My mother’s parents came to our rescue.  When I was five, her father gave my mother a house and four acres that was part of his Grass Valley ranch property.  It was at the south end of the ranch, so our house was actually in the town of Grass Valley, albeit back “under the east hill.”  The ranch house where my mother’s family lived was only a half mile away.  This was the beginning of a beaten down man with three, mostly unwanted children, being dependent on his wife’s morally upright family and the beginning of the end of any pride he may still have had.  His in-laws were Methodists; he was agnostic.  He had been divorced; his in-laws thought divorce a sin.  These in-laws, my grandfather, my grandmother and my Uncle Wallace, were three of the most dear and loving people in my life.  But none of my mother’s family was without their often rigid beliefs.

At first, our father was able to substitute at the Grass Valley School, but that was an undependable living.  Then he got a permanent job as a government trapper with a reliable pay check: fifty five dollars a month.  One thing in his favor was that he knew how to get around in the outback.  Sherman County was not the same kind of wilderness as that in the Siskiyou Mountains , but it had its rugged country: canyons deep enough to fall into and never be found, both actually and figuratively.  That is what he wanted: not to be found.  He left early in the morning and got home in time for a late dinner after we children had eaten.  Then, muttering to himself, he went out and worked in the garden, or, after electricity was installed in our house, listened to the radio.  What I knew about him came, not from actual experience, but from listening from my bedroom or looking out the window, because I was put to bed before he got home and not gotten up in the morning until after he left for work so I would never have to see him except on Sundays–or more accurately, so he would never have to see me.

In 1939 the government closed its trapping program; Alex had no job. Our family was without any income at all.  We ran up bills at the grocery store and other businesses.  My mother applied for teaching jobs and got one in Camp Sherman, a summer community on the Metolious River near Sisters–a magical place in the Cascade Mountains on the most beautiful of rivers.  It was named Camp Sherman because Sherman County ranchers, made wealthy by the price of wheat during the First World War, had started it by building vacation homes along the river.  That was why mother got the job so easily.  She had a good teaching reputation in Sherman County.

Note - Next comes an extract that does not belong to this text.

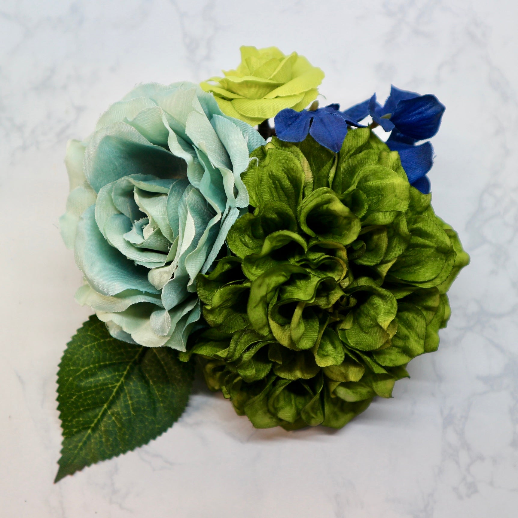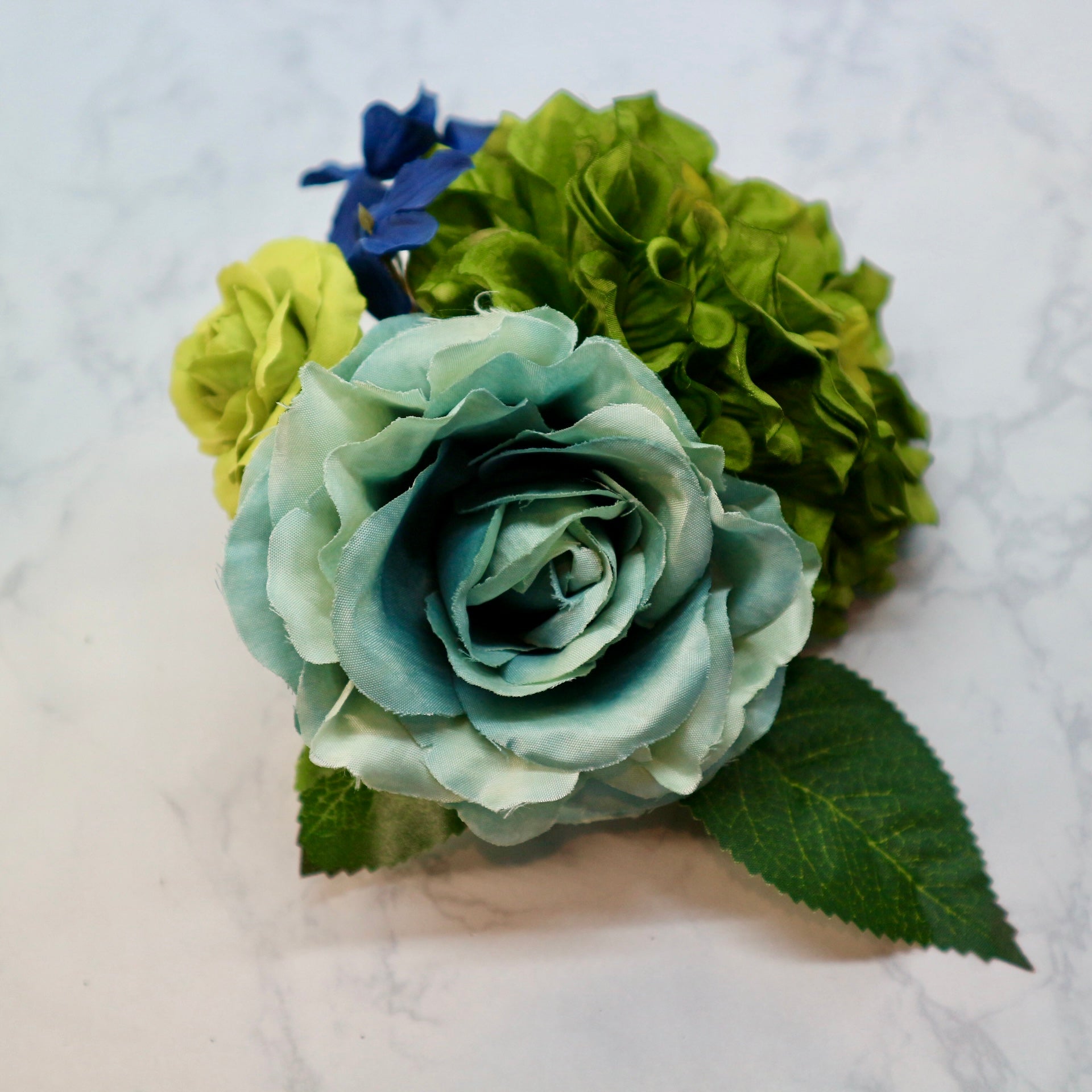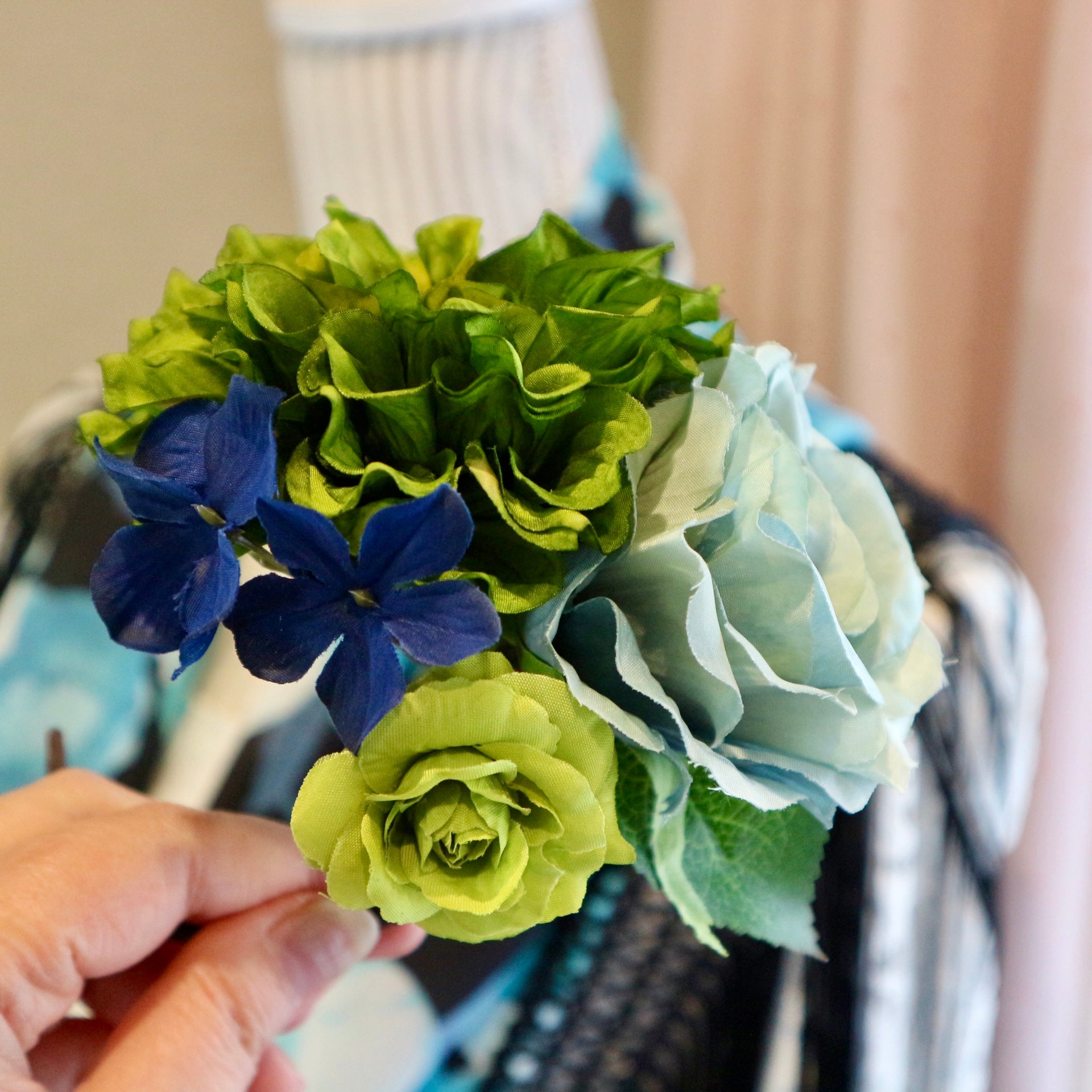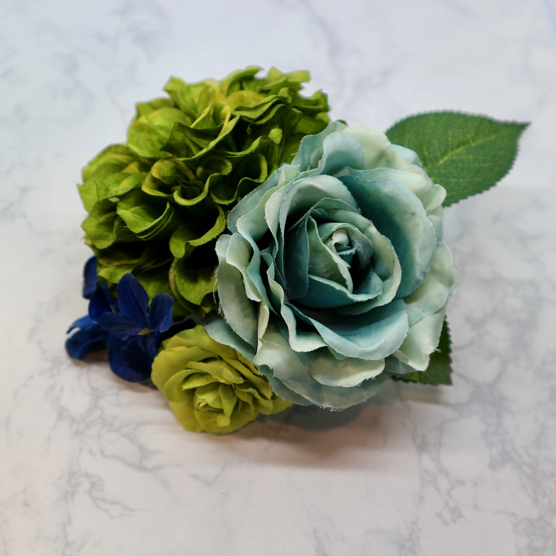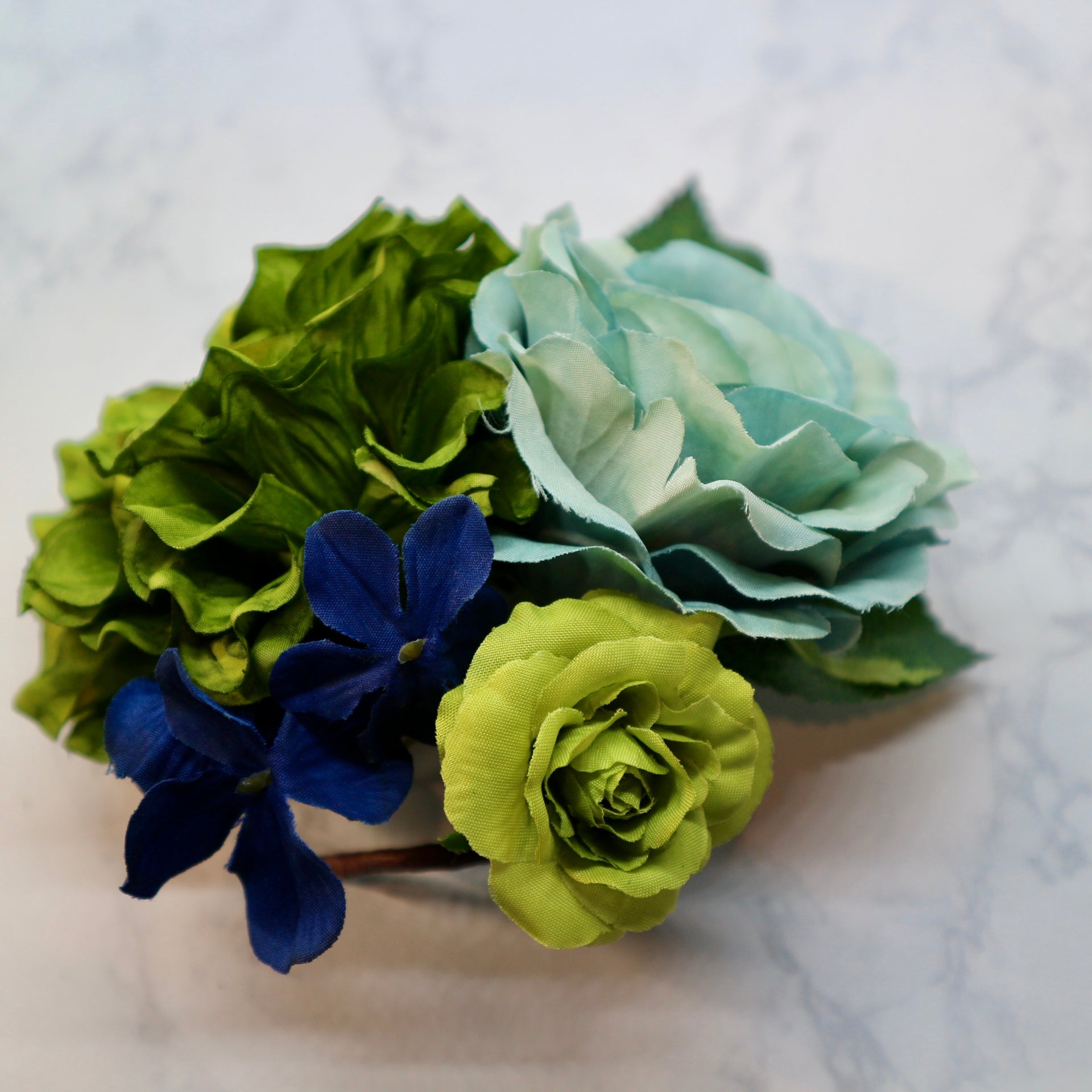 イエローグリーンの大輪ダリヤ、ブルーグレーの薔薇、ライトグリーンのミニ薔薇、濃紺のアジサイの組み合わせでブーケスタイルにアレンジしたフラメンコ向けの花飾り(フローレス)です。 やわらかいワイヤーを使っていますので、お花を一列に並べる等、お花の位置は自由に動かすことができます。
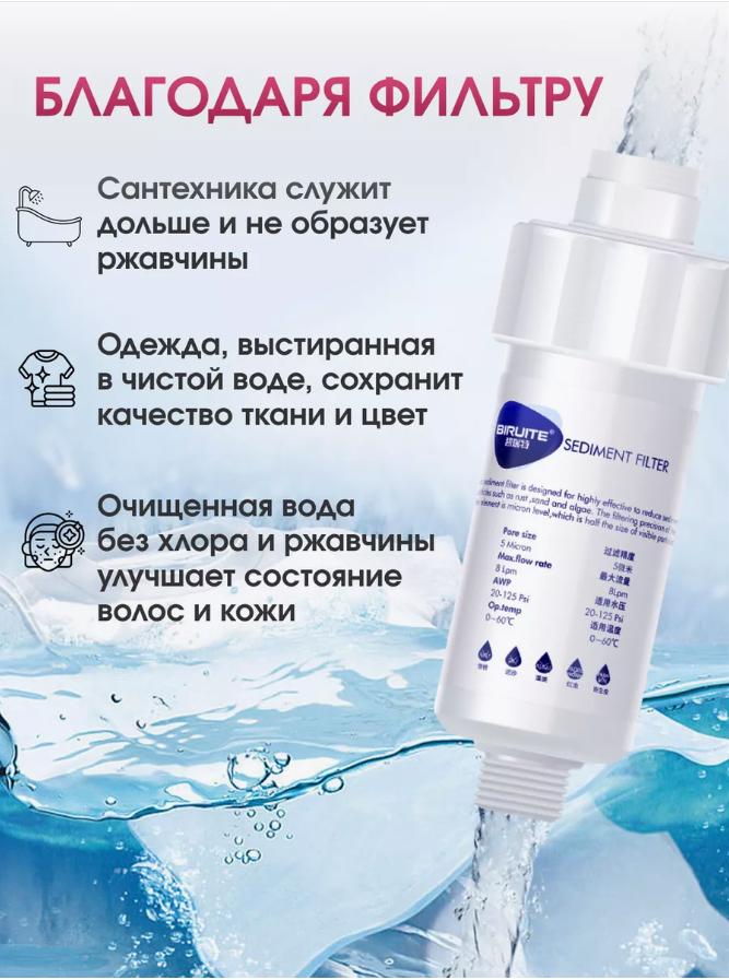 Картридж для душевого фильтра Biruite, сменный фильтр, 2 штуки интересное:

There were also some full time residents in Camp Sherman–enough to have a grade school with six students. Mother took Mary and me with her, so that made eight students.  Gracie, however, was in high school, and there was no high school in Camp Sherman so she had to stay at home in Grass Valley with our father.  She is now 89 and still gets panic attacks over issues of desertion.  Mother was able to pay off all our debts in Grass Valley.  She saved us financially but it was the end of her marriage, such as it was.

After Camp Sherman, we spent two years at Shaniko.  Sometime during our three years away from Grass Valley, Alex moved to Lakeview, seemingly a refuge for Zevely’s.  By some unknown means, probably a loan from his brother Bob, he acquired a service station, grocery store and a motel there. He got re-married to a woman who was beyond the age of child bearing and lived until he was 90 in some semblance of peace.